How to get someone to agree with you

Do you want agreement on the content or do you want agreement on the reasons for believing the content?

How to get someone to agree with you

We disagree with each other.

Some of us believe in God, some don’t. Some believe in a particular God, others in a different one. Some believe in capitalism, others in socialism, others in something else. Some of us believe that we can only know about the world through scientific means, others believe that there is more in heaven and earth than is dreamt of in our philosophy.

Now, sometimes, we can just walk away from a disagreement. We can refuse to engage further, we can maintain our position, we can agree to disagree and move on with our lives.

But other times, we can’t. On a small scale, this is the situation with friends, family, colleagues. My wife, for example, has a certain view on the optimal level of tidiness in a household setting. I have a different view.

Naturally, I am right.
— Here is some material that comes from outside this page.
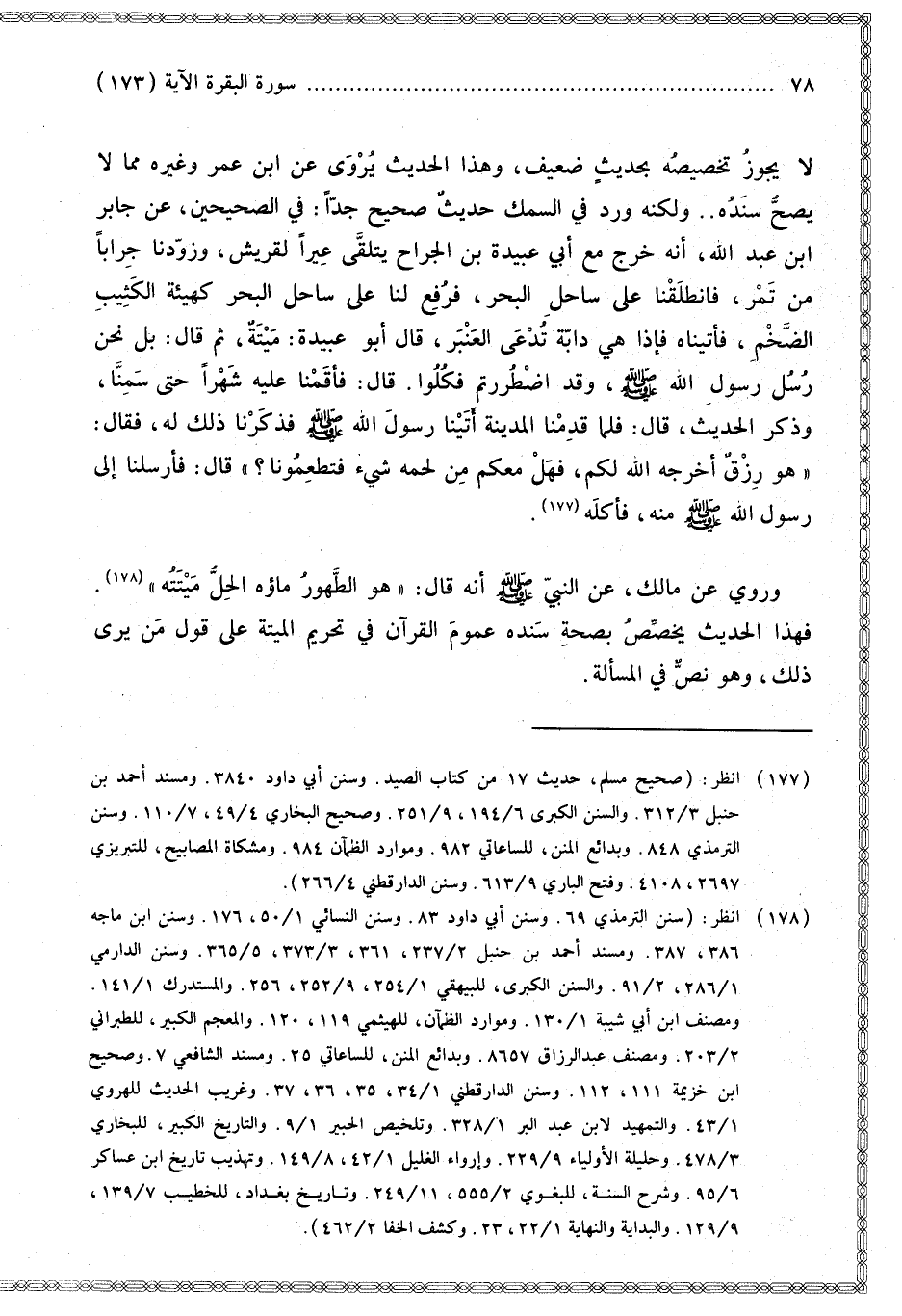 لَا يَجُوزُ تَخْصِيصُهُ بِحَدِيثٍ ضَعِيفٍ، وَهَذَا الْحَدِيثُ يُرْوَى عَنْ ابْنِ عُمَرَ وَغَيْرِهِ مِمَّا لَا يَصِحُّ سَنَدُهُ. وَلَكِنَّهُ وَرَدَ فِي السَّمَكِ حَدِيثٌ صَحِيحٌ جِدًّا: فِي الصَّحِيحَيْنِ «عَنْ جَابِرِ بْنِ عَبْدِ اللَّهِ أَنَّهُ خَرَجَ مَعَ أَبِي عُبَيْدَةَ بْنِ الْجَرَّاحِ يَتَلَقَّى عِيرًا لِقُرَيْشٍ، وَزَوَّدَنَا جِرَابًا مِنْ تَمْرٍ، فَانْطَلَقْنَا عَلَى سَاحِلِ الْبَحْرِ، فَرُفِعَ لَنَا عَلَى سَاحِلِ الْبَحْرِ كَهَيْئَةِ الْكَثِيبِ الضَّخْمِ، فَأَتَيْنَاهُ فَإِذَا هِيَ دَابَّةٌ تُدْعَى الْعَنْبَرُ قَالَ أَبُو عُبَيْدَةَ: مَيْتَةٌ، ثُمَّ قَالَ: بَلْ نَحْنُ رُسُلُ رَسُولِ اللَّهِ - صَلَّى اللَّهُ عَلَيْهِ وَسَلَّمَ - وَقَدْ اُضْطُرِرْتُمْ فَكُلُوا. قَالَ: فَأَقَمْنَا عَلَيْهِ شَهْرًا حَتَّى سَمِنَّا، وَذَكَرَ الْحَدِيثَ قَالَ: فَلَمَّا قَدِمْنَا الْمَدِينَةَ أَتَيْنَا رَسُولَ اللَّهِ - صَلَّى اللَّهُ عَلَيْهِ وَسَلَّمَ - فَذَكَرْنَا ذَلِكَ لَهُ، فَقَالَ: هُوَ رِزْقٌ أَخْرَجَهُ اللَّهُ لَكُمْ، فَهَلْ مَعَكُمْ مِنْ لَحْمِهِ شَيْءٌ فَتُطْعِمُونَا؟ قَالَ: فَأَرْسَلْنَا إلَى رَسُولِ اللَّهِ - صَلَّى اللَّهُ عَلَيْهِ وَسَلَّمَ - مِنْهُ، فَأَكَلَهُ».

But I can’t convince my wife that I am, and neither can I rationally demonstrate to her that her view isn’t just wrong but also morally decadent. And the further problem is that I love my wife and would rather like to continue living with her, so I can’t just move out and live at the level of tidiness that God intended.

On a larger scale, this is the situation in any even mildly diverse society. A believer in God has to live alongside people who don’t believe and - and this is the point - the two must agree on some things for society to function properly. But how? How can we get people so diametrically opposed in their perspectives, in their morals, in their worldviews, philosophies and experiences, how can we get them to agree on how tidy the house should be?

This was essentially the problem facing the original drafters of the Universal Declaration of Human Rights. The UDHR was drafted by a committee that included members from the US, Canada, the Republic of China, France, Lebanon, Australia, Chile, France, the Soviet Union and the United Kingdom. Individuals, organisations and governments from other countries were also consulted at various stages in the process.

Basically, everyone was involved. There were about 700 million different viewpoints to consider and a roughly equal number of cultural, religious, philosophical and social traditions to incorporate. Frankly, if I didn’t already know the ending, I would judge the task impossible.

We do know the ending: On 10th December, 1948, the UN General Assembly formally proclaimed the Universal Declaration of Human Rights. A few years later, Jacques Maritain, a French philosopher who was very influential in the creation of the UDHR, reminisced about the process:

During one of the meetings of the French National Commission of UNESCO at which the Rights of Man were being discussed, someone was astonished that certain proponents of violently opposed ideologies had agreed on the draft of a list of rights. Yes, they replied, we agree on these rights, providing we are not asked why. With the “why,” the dispute begins.

This is a very powerful insight, a beautiful insight, and our idea for the week. So let’s unpack it a bit.

Maritain points out that there are at least two levels to a disagreement. First, there’s the “what” - the substance of the disagreement, the two opposing opinions. Second, there’s the “why” - the reasons for the disagreement.

Maritain then suggests that sometimes, we can get agreement on the what so long as we don’t ask about the why. So for example, a religious person and an atheist can both agree that human beings should not be tortured, but perhaps the religious person thinks so because they think that God created human beings and it would be a sinful act to harm God’s creation in certain ways, while the atheist thinks so because they think that causing human beings pain is bad.

Sometimes, says Maritain, it's wiser not to ask about the why. So long as there’s agreement on the what, move on. It’s enough. A lot of the time, you don’t need someone to agree with your reasons for X, you just need them to agree with X.

Now, just to throw a small spanner in the works, it’s important to see that there are limitations to this insight. It’s not a universally valid tool. Sometimes, we want agreement on the why and for good reasons. For example, if my wife kisses me, we are in agreement on one thing: let’s kiss. But it’s not enough for me. I want her to kiss me because she loves me, not because she’s bored. The why matters here.


  1. There are two levels to a disagreement: what we disagree about and why we disagree.
  2. When we address the disagreement, it’s a simple and powerful move to understand what you want to address - do you want agreement on the what or do you also want agreement on the underlying why?
  3. In the case of the UDHR, it became clear that the participants only needed to agree on the what - asking for agreement on the why would have made agreement impossible.
  4. In the case of my wife kissing me, it became clear that it's really good and should happen more often.